Frequently Asked Questions

Is a promissory note legally binding?

Yes. A properly executed promissory note is a legally enforceable contract. If a borrower defaults, the lender can use the note to pursue collection through the courts, report the default to credit bureaus, or — if the note is secured — initiate foreclosure or repossession proceedings.

What happens if I lose my promissory note?

You can request a copy from your lender or loan servicer at any time — they are required to maintain records of the original. For federal student loans, your MPN is stored permanently at StudentAid.gov and accessible through your account.

Can a promissory note be cancelled?

A promissory note is satisfied (cancelled) when the loan is paid in full. The lender should provide written confirmation of payoff. For mortgages, this is typically a “satisfaction of mortgage” document filed with the county recorder’s office. Federal student loan forgiveness programs also legally discharge (cancel) the promissory note obligation.
If you’re comparing personal loan options, review personal loan lenders on SuperMoney to see current rates, fees, and terms side by side.
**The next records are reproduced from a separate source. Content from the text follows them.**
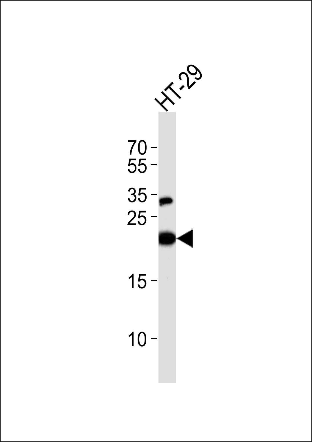 Western blot analysis of lysate from HT-29 cell line,using RAB6A Antibody(C18266). C18266 was diluted at 1:1000. A goat anti-rabbit IgG H&L(HRP) at 1:5000 dilution was used as the secondary antibody.Lysate at 35ug. |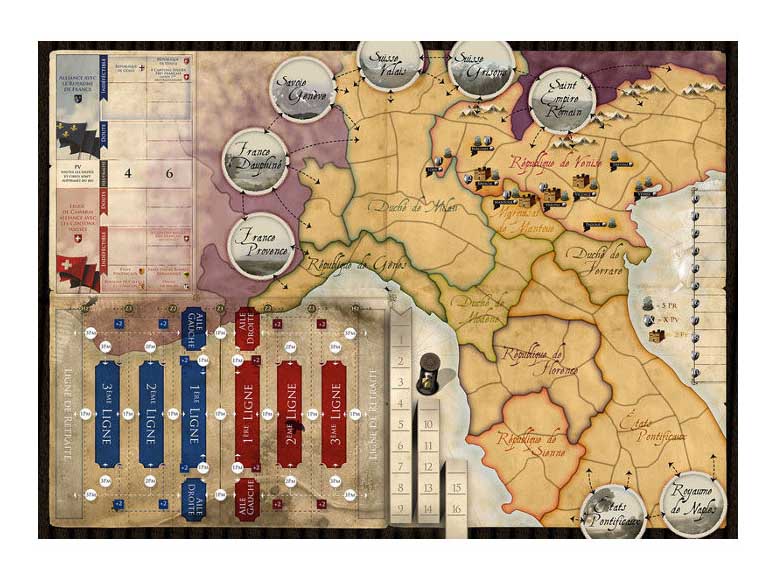 Les jeux de la série L’Or et L’Acier simulent à l’échelle stratégico-opérationnelle les campagnes de la fin du XVème siècle et du début du XVIème siècle, avec une résolution tactique des batailles et des sièges. Un pion de combattants représente respectivement 1500 à 2000 piétons et 750 à 1000 cavaliers au recto et la moitié au verso. Un pion d’artillerie représente une centaine de canons – tous types et calibres confondus.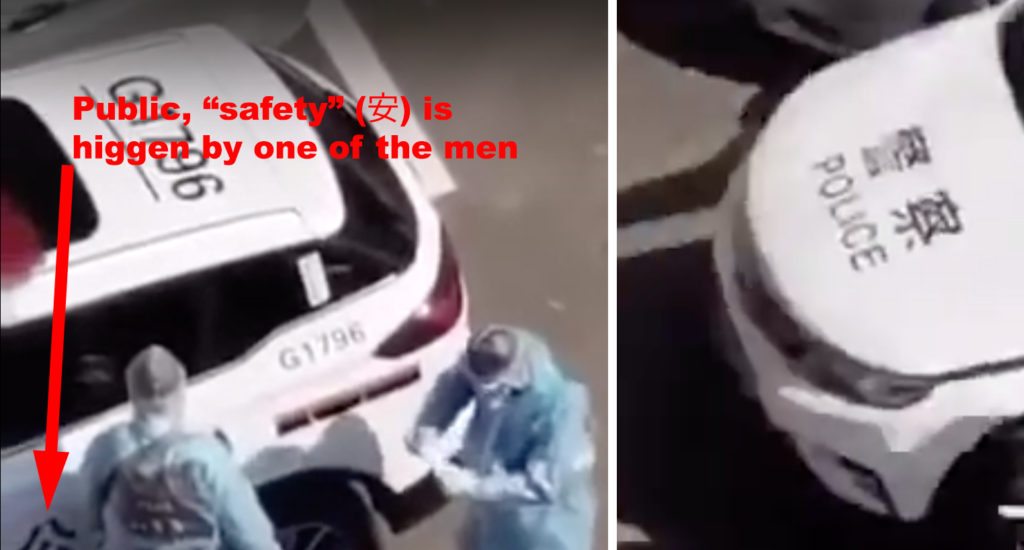 At the beginning of the video, we see three men clad in a minor medley of Personal Protective Equipment. They are clearly loading Assault Rifles and semi-automatic pistols. The Chinese characters on the left driver’s door say “Public Safety.” The characters on the hood of the car say (as does the English) “Police.” It strikes me as funny-odd that a province in China — Hu Bei (湖北) — has “Police” in English. Does America really have such influence there?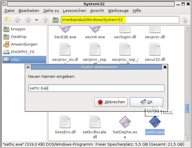 Öffnen Sie im Dateimanager von Knoppix den Pfad /media/sda2/Windows/System32 Hier befindet sich die Datei sethc.exe. Markieren Sie die Datei per Mausklick, drücken Sie dann die [F2]-Taste, um die Datei in sethc.bak umzubenennen. Im gleichen Ordner liegt die cmd.exe, ziehen Sie die Datei bei gedrückter Maustaste auf den Desktop. Benennen Sie die Datei cmd.exe hier in sethc.exe um und ziehen Sie diese zurück in den Ordner /media/sda2/Windows/System32. Sie haben damit sethc.exe durch eine Kopie von cmd.exe ausgetauscht und für später eine Sicherungskopie der originalen sethc.exe angelegt. Beenden Sie und entfernen Sie die Live-CD.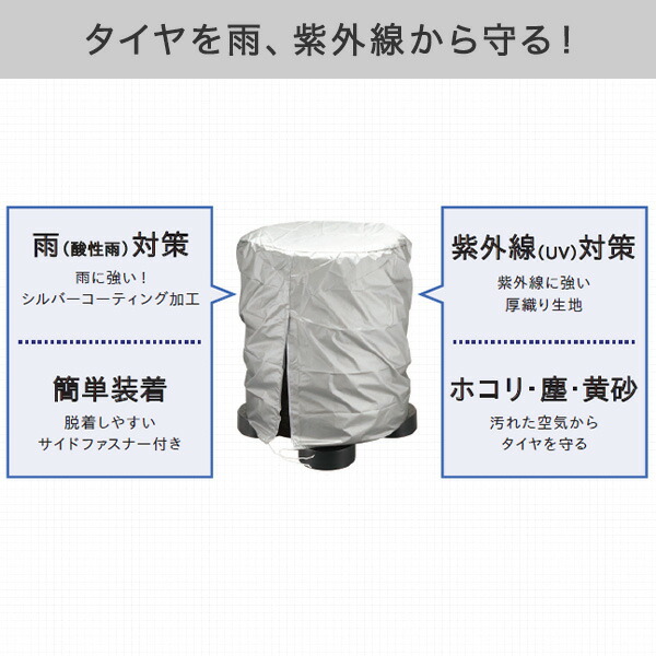 | 商品説明 | ●ベランダやガレージでの収納に便利 ●雨に強いシルバーコーティング加工 ●脱着しやすいサイドファスナー付き ●紫外線に強い厚織り生地 ●ホコリ、塵、黄砂などからタイヤを守る ●収納ポケットにホイールナットを収納可能 ●原産国:パレット/日本、カバー/中国 ●耐荷重:120kg |
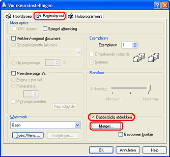 Klik op het tabblad Paginalay-out en schakel het selectievakje Dubbelzijdig afdrukken in.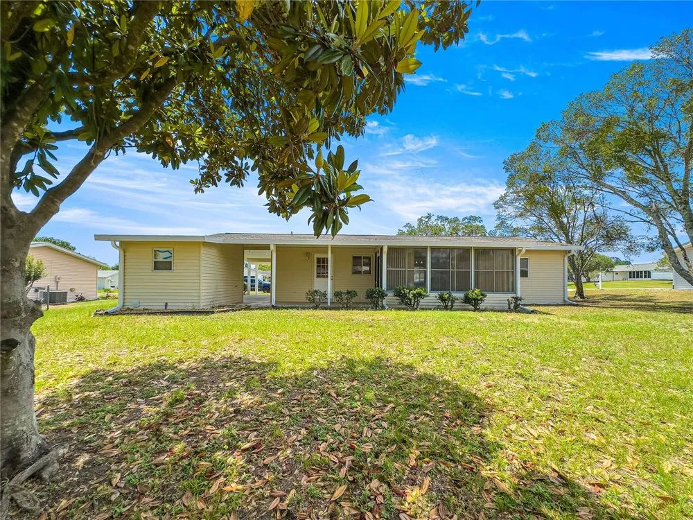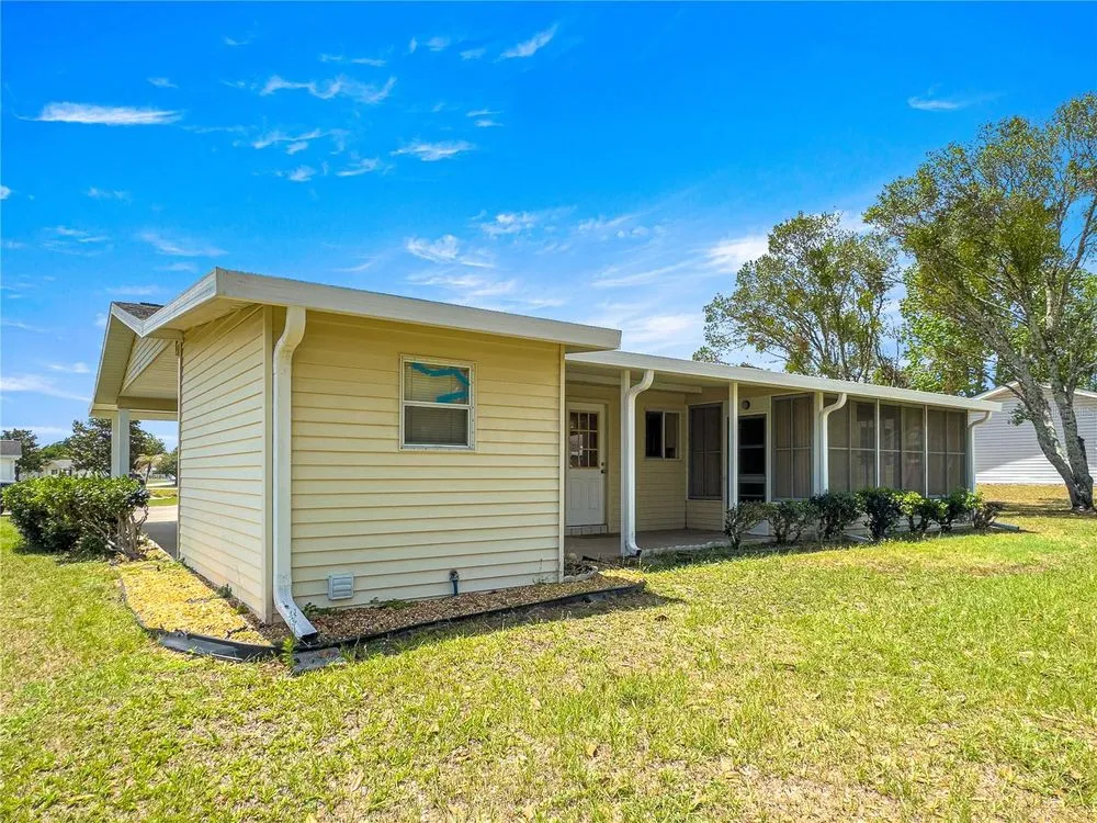 AFFORDABLE AND ADORABLE... Move in ready with the ease of single-level living in a prime Florida lifestyle community. Clean as a whistle this 2/2 split plan home offers over 1100 sf of living space with 2200+ SQ FT total under roof, featuring: spacious living room; kitchen with all appliances; dining area; master with large walk-in closet & en-suite bath with make-up counter & walk-in tiled shower; guest bedroom with bathroom accessible from bedroom & hallway; a wonderful vinyl enclosed porch + a large covered back patio overlooking the backyard. At the end of the 1-car carport, you'll find a separate storage closet which houses the washer, dryer, utility sink, water heater, and shelving for added storage space. A cute and cozy home situated in a superb location in a 55+ community offering many activities and clubs conveniently accessible to shopping, dining, and entertainment! The community Spruce Creek North has a lovely clubhouse amenities include a workout room, gazebo, swimming pool, shuffleboard, library, and spaces for playing cards. The reasonable amenities fee includes trash pick up, pool, clubhouse, and a fitness center. Home being sold "as is" with right to inspect.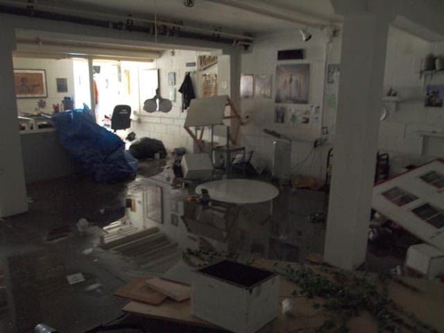 STUDIO DESTROYED! Hurricane Sandy took my studio apart. Of the 8ft of headroom, over 4.5ft of water was absorbed. Among the casualties are the 100 Story House, original artworks, thousands of dollars in equipment, materials and property.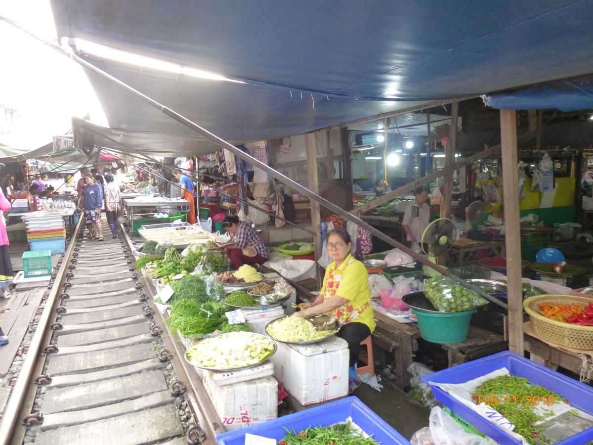 先ず朝早いので一切渋滞に合わず メークロン線市場へ。 まだ混んでいない市場をゆっくり歩け散策。電車が来る頃は立てない位の人・人 確保出来た場所で良い写真が撮れました。

SuperMoney’s personal loans interest rate study shows how promissory note terms — particularly prepayment clauses and variable rate caps — vary widely across lenders.

Key takeaways

  • A promissory note is the borrower’s written, signed promise to repay a loan under specified terms — it is the core legal obligation of any lending transaction.
  • Unlike a loan agreement (signed by both parties), a promissory note is signed only by the borrower.
  • Secured notes are backed by collateral; unsecured notes are not — the difference affects both risk and interest rate.
  • Promissory notes can be sold by lenders to third parties, which may change your loan servicer but not your loan terms.
  • Federal student loans use a Master Promissory Note that covers multiple loan years with a single signature.

Related Terms

  • Collateral — An asset pledged to secure a loan; its seizure is the lender’s primary remedy when a secured promissory note goes into default.
  • Installment Loan — A loan repaid through fixed periodic payments; the promissory note is the legal foundation for every installment lending arrangement.
  • Prepayment Penalty — A fee some lenders charge when a borrower pays off a loan early; promissory notes must disclose whether this clause applies.
  • Co-Signer — A person who signs alongside the primary borrower, taking on equal legal liability under the same promissory note terms.